How to test acme-tiny

Testing acme-tiny requires a bit of setup since it interacts with other servers (Let's Encrypt's staging server) to test issuing fake certificates. This readme explains how to setup and test acme-tiny yourself.

Setup instructions

  1. Make a test subdomain for a server you control. Set it as an environmental variable on your local test setup.
    • On your local: export TRAVIS_DOMAIN=travis-ci.gethttpsforfree.com
    • Configure the webserver on $TRAVIS_DOMAIN for redirection of http://$TRAVIS_DOMAIN/.well-known/acme-challenge/ to http://localhost:8888/
  2. Generate a shared secret between your local test setup and your server.
    • openssl rand -base64 32
    • On your local: export TRAVIS_SESSION="<random_string_here>"
  3. Copy and run the test suite mini-server on your server:
    • scp server.py ubuntu@travis-ci.gethttpsforfree.com
    • ssh ubuntu@travis-ci.gethttpsforfree.com
    • export TRAVIS_SESSION="<random_string_here>"
    • sudo server.py
  4. Install the test requirements on your local (FUSE and optionally coveralls).
    • sudo apt-get install fuse
    • virtualenv /tmp/venv
    • source /tmp/venv/bin/activate
    • pip install -r requirements.txt
  5. Run the test suit on your local.
    • cd /path/to/acme-tiny
    • coverage run --source ./ --omit ./tests/server.py,./setup.py -m unittest tests

Why use FUSE?

Acme-tiny writes the challenge files for certificate issuance. In order to do full integration tests, we actually need to serve correct challenge files to the Let's Encrypt staging server on a real domain that they can verify. However, Travis-CI doesn't have domains associated with their test VMs, so we need to send the files to the remote server that does have a real domain.

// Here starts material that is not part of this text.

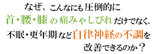 そのいずれも痛い場所ばかりを追って、全身のバランスに不可欠な「自律神経」に着目せずに体の歪みだけを原因にしているのが現状です。体の歪みのほとんどは「筋肉」「内臓」「循環」などをコントロールする、「自律神経の乱れ」からくるという事実を基に生み出された、独自の理論が当店の施術です。これを受ける事ができるところは全国でも数少ないのです。

The test suite uses FUSE to do this. It creates a FUSE folder that simulates being a real folder to acme-tiny. When acme-tiny writes the challenge files in the mock folder, FUSE POSTs those files to the real server (which is running the included server.py), and the server starts serving them. That way, both acme-tiny and Let's Encrypt staging can verify and issue the test certificate. This technique allows for high test coverage on automated test runners (e.g. Travis-CI).